*** Block opens ***
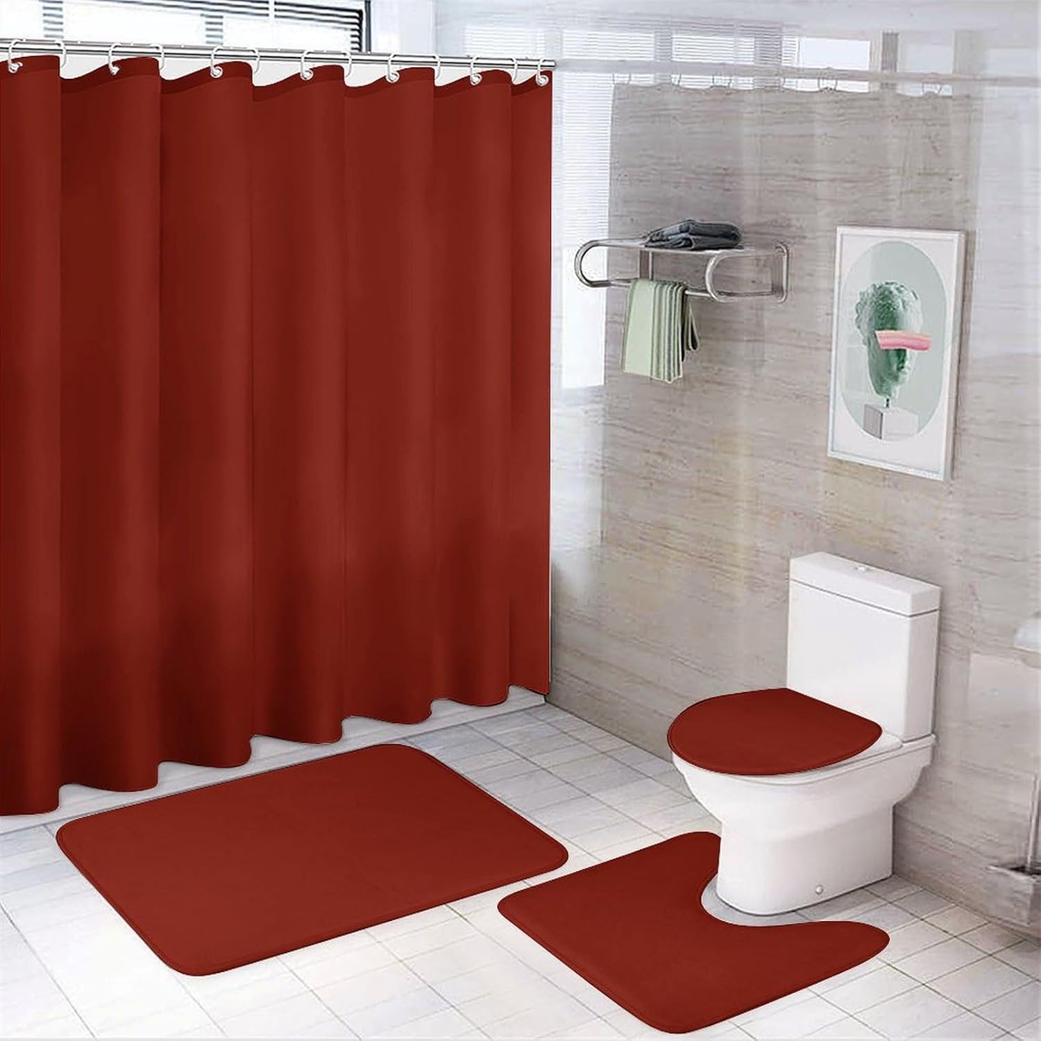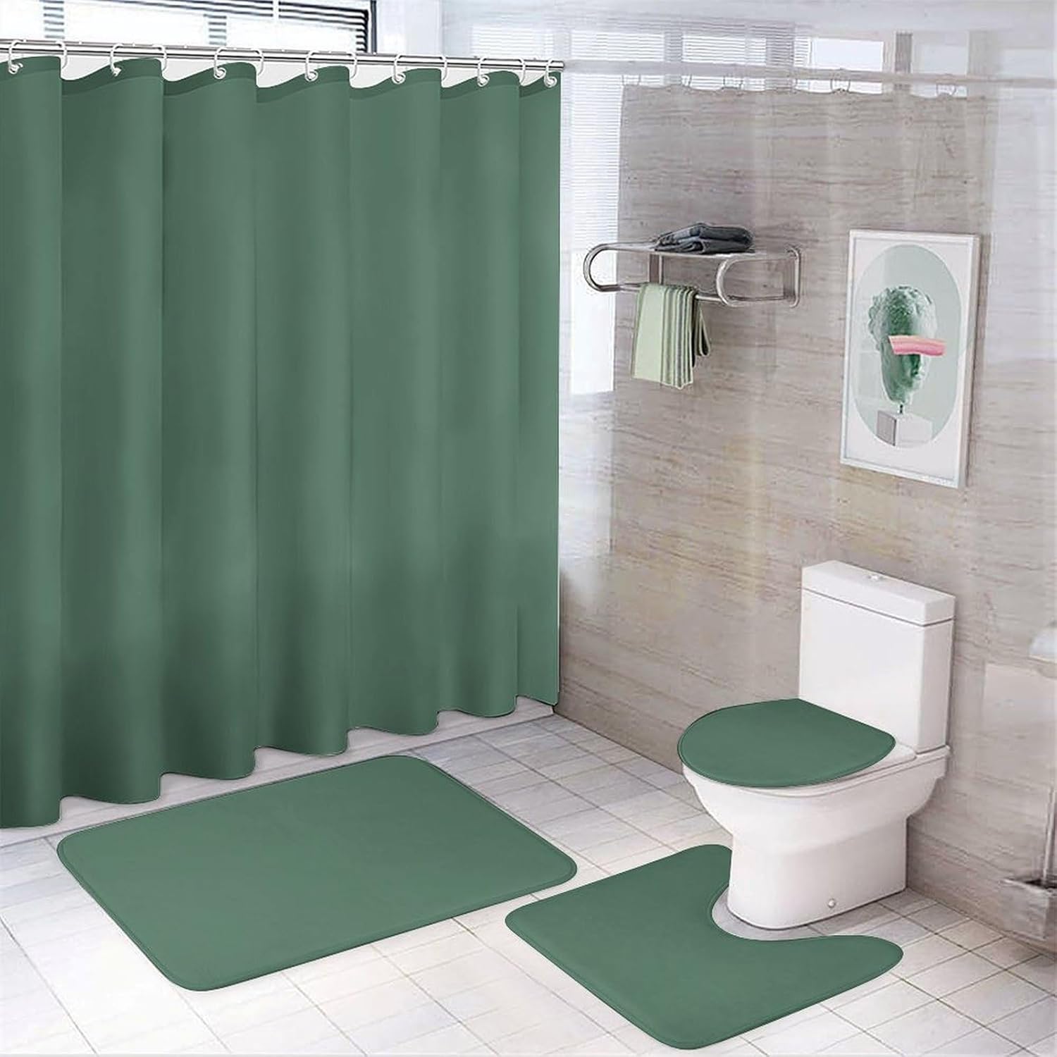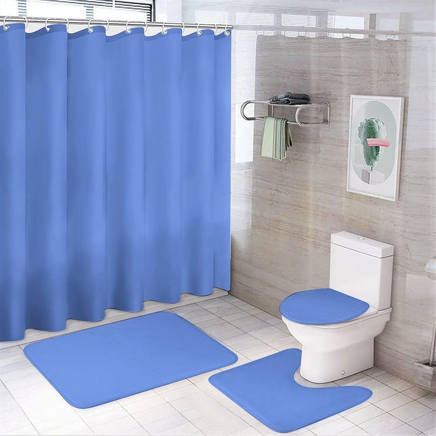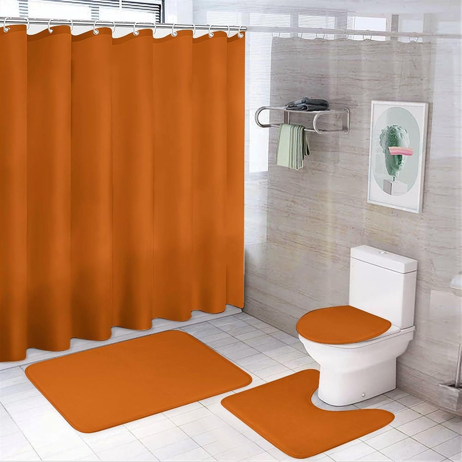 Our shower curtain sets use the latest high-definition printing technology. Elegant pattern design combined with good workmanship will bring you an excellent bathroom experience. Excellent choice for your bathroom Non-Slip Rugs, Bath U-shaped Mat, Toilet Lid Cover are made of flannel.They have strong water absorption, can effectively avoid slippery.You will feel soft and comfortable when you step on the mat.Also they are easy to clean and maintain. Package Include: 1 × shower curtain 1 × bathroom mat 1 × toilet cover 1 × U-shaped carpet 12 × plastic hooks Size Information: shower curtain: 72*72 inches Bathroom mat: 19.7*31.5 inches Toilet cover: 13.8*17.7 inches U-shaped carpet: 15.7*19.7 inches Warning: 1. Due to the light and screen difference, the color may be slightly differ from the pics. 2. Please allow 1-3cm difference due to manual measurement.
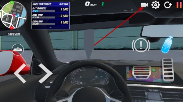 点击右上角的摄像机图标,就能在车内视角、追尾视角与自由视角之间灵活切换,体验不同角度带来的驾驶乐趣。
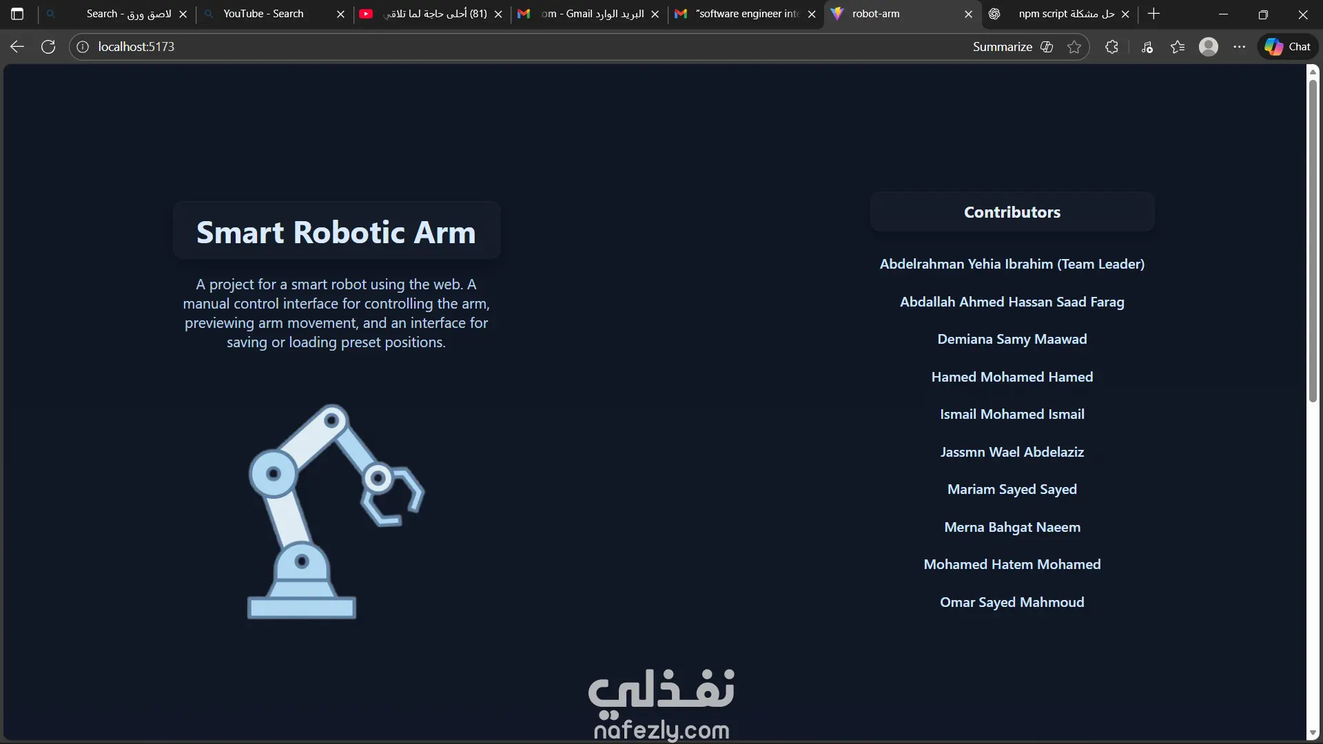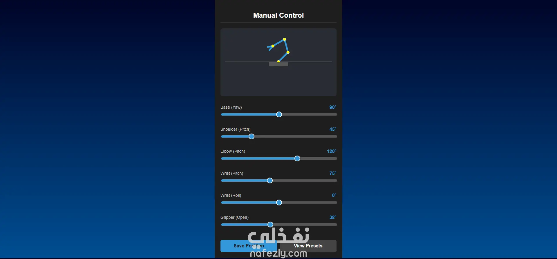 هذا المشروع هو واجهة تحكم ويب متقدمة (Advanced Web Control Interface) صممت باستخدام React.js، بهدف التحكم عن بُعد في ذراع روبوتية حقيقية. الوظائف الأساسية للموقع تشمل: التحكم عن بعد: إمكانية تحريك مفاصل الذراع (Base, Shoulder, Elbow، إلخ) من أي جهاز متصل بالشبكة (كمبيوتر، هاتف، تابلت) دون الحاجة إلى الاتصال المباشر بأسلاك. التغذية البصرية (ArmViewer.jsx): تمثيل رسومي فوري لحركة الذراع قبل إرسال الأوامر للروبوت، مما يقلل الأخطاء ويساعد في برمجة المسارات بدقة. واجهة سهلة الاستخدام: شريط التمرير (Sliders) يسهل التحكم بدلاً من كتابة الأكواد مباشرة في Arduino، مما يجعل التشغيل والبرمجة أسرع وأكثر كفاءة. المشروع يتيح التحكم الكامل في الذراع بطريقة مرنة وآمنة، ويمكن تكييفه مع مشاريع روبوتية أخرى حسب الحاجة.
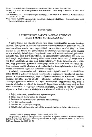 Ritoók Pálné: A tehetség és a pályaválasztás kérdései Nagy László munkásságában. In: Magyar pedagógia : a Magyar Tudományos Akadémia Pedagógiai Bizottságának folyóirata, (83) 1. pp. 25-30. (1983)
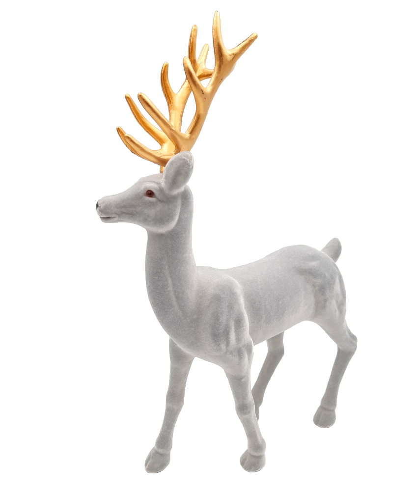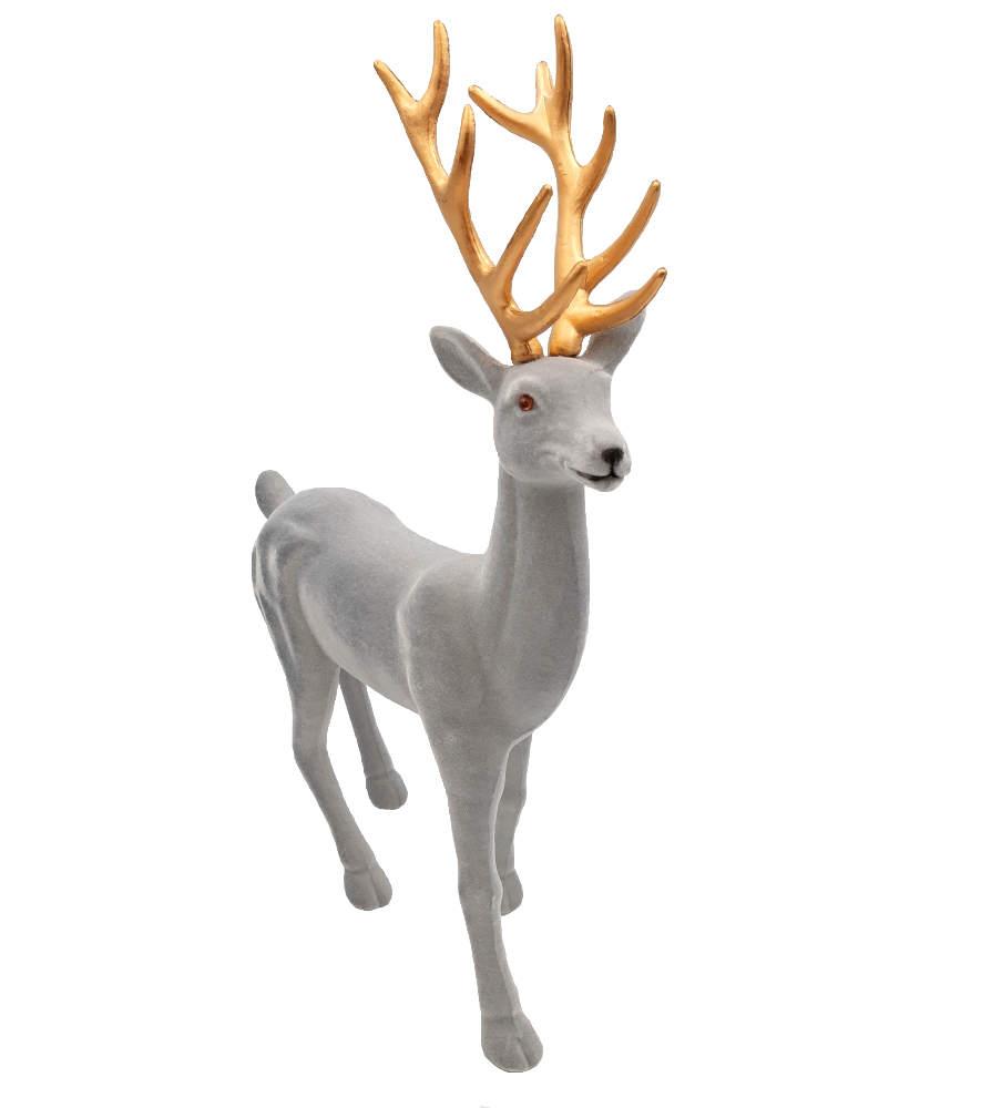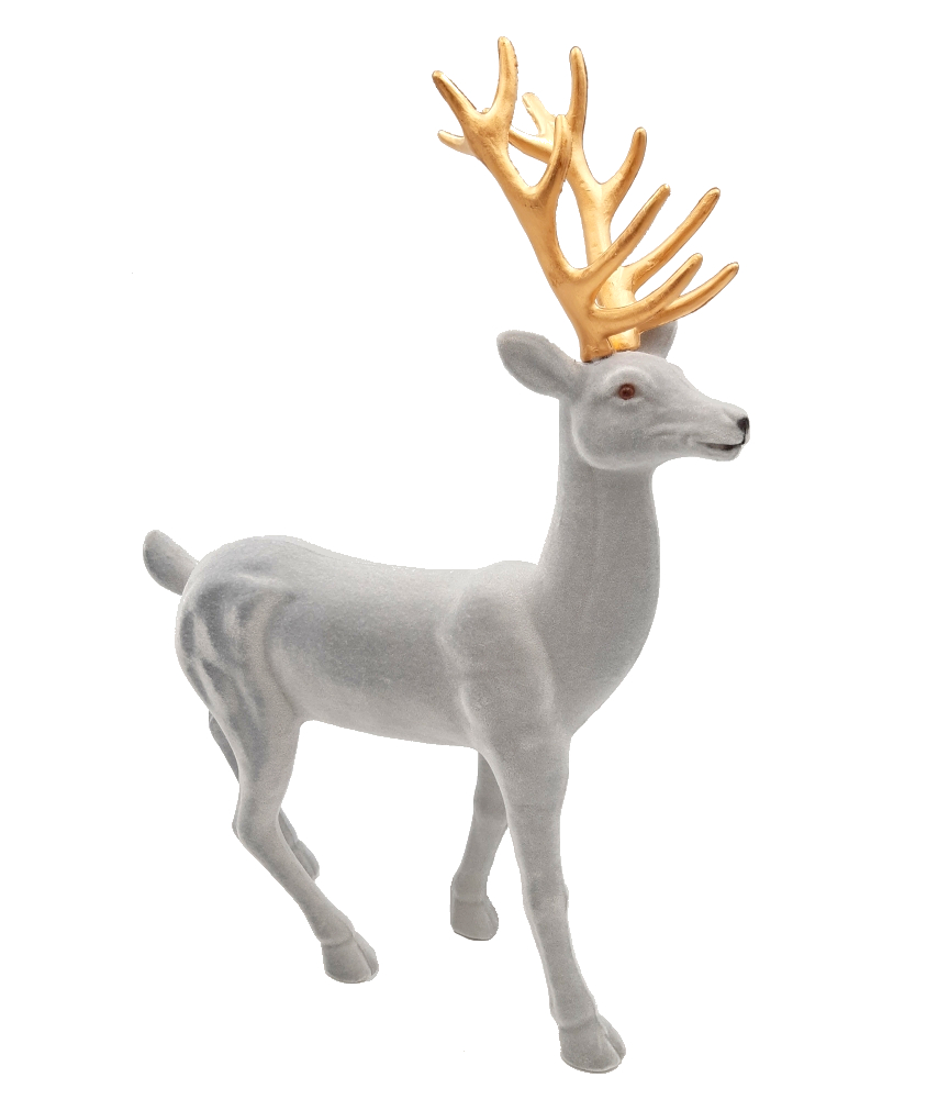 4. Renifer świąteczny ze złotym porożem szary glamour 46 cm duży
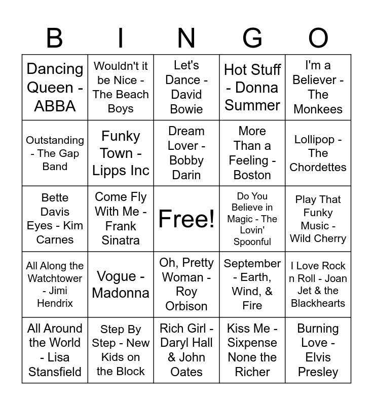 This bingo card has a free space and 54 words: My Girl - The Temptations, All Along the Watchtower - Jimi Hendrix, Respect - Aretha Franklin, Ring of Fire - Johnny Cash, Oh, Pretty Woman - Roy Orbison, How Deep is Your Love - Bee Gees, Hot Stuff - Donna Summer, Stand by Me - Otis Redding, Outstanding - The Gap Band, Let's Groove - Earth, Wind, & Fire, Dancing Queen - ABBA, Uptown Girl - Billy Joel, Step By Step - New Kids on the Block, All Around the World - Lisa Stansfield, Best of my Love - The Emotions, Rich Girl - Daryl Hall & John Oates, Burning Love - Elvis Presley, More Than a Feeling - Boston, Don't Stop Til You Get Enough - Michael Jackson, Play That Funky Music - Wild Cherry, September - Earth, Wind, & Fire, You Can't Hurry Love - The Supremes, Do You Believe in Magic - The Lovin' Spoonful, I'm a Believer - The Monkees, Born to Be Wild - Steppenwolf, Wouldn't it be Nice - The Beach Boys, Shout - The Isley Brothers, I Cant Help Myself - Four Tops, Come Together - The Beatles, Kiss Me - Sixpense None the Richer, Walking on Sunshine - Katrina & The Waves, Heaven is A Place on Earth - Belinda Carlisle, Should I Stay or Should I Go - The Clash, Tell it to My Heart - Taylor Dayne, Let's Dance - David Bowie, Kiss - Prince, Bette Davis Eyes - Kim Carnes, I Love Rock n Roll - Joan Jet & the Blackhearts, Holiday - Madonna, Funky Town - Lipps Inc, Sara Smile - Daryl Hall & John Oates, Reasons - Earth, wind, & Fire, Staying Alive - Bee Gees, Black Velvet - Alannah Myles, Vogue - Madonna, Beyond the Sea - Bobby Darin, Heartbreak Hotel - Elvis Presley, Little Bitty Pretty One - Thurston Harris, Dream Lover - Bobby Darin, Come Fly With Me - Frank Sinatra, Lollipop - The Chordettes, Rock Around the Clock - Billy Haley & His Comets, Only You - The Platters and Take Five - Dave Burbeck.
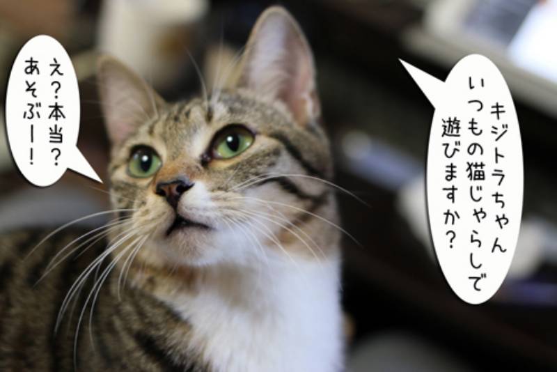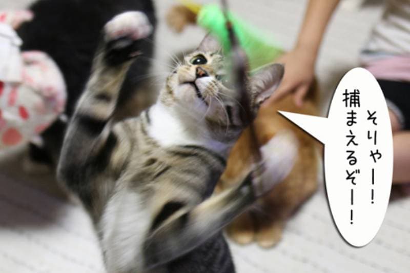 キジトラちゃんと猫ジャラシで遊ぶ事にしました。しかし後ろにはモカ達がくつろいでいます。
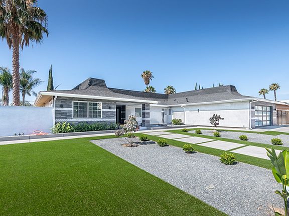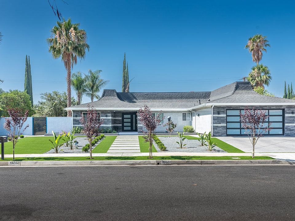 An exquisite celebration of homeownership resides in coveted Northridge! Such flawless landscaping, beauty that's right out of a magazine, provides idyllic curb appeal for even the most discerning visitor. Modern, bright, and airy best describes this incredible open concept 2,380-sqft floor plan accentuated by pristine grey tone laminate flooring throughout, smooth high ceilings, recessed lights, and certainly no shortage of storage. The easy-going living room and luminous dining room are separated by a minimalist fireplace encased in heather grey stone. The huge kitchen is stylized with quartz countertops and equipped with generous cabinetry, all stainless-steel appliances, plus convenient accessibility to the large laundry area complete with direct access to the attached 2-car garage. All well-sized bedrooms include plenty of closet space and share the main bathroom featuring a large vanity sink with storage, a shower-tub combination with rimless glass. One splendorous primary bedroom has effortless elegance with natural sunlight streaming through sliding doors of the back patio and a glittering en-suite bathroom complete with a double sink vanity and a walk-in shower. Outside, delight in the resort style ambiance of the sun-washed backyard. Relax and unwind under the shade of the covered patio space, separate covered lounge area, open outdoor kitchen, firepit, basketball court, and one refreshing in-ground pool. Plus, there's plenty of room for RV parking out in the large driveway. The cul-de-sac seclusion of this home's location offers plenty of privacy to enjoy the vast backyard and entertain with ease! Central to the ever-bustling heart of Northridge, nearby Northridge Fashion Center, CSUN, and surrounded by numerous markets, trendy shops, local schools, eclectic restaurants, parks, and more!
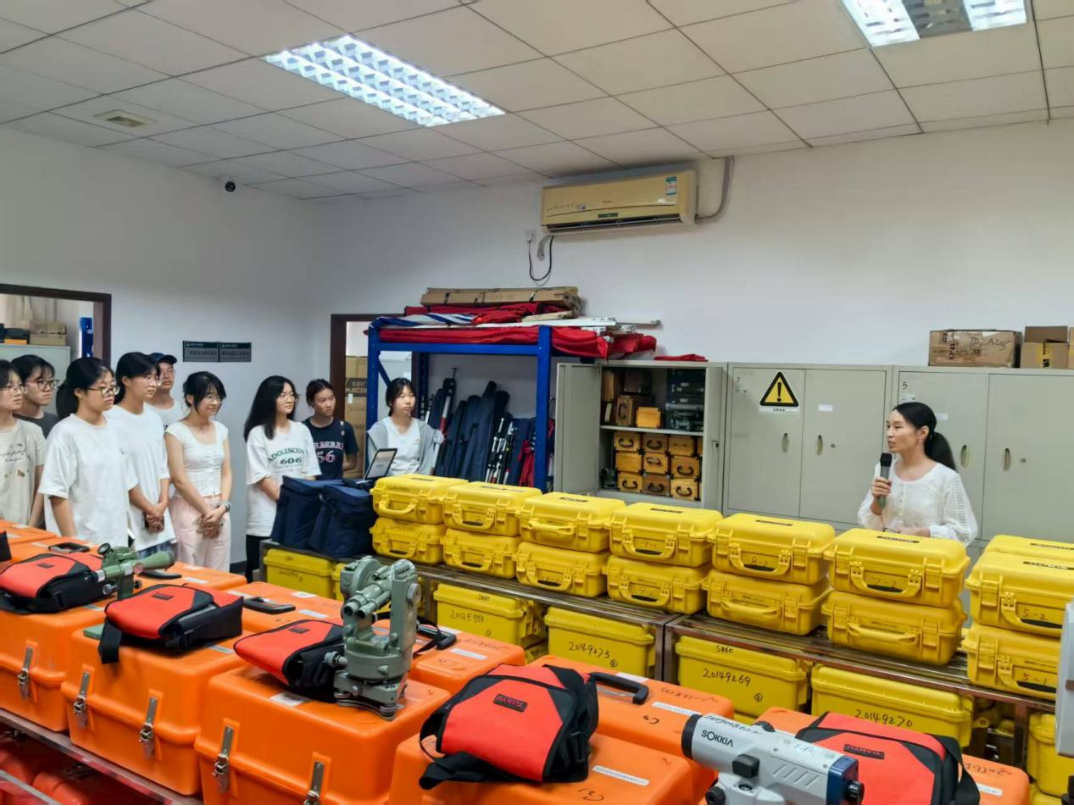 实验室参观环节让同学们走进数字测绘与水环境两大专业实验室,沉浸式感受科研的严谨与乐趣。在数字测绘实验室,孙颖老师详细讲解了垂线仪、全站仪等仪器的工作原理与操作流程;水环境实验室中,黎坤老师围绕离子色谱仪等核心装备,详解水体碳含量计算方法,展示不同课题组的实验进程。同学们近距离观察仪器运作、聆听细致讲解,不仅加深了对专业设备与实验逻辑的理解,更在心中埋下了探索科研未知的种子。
*** Block closes ***
- _TASK DIRECTIONS_
All lines from the beginning of the entries above to the line containing "点击右上角的摄像机图标,就能", inclusive, should be printed exactly, apart from the pictures.

- _SOLUTION FOR THIS EXERCISE_
 Our shower curtain sets use the latest high-definition printing technology. Elegant pattern design combined with good workmanship will bring you an excellent bathroom experience. Excellent choice for your bathroom Non-Slip Rugs, Bath U-shaped Mat, Toilet Lid Cover are made of flannel.They have strong water absorption, can effectively avoid slippery.You will feel soft and comfortable when you step on the mat.Also they are easy to clean and maintain. Package Include: 1 × shower curtain 1 × bathroom mat 1 × toilet cover 1 × U-shaped carpet 12 × plastic hooks Size Information: shower curtain: 72*72 inches Bathroom mat: 19.7*31.5 inches Toilet cover: 13.8*17.7 inches U-shaped carpet: 15.7*19.7 inches Warning: 1. Due to the light and screen difference, the color may be slightly differ from the pics. 2. Please allow 1-3cm difference due to manual measurement.
 点击右上角的摄像机图标,就能在车内视角、追尾视角与自由视角之间灵活切换,体验不同角度带来的驾驶乐趣。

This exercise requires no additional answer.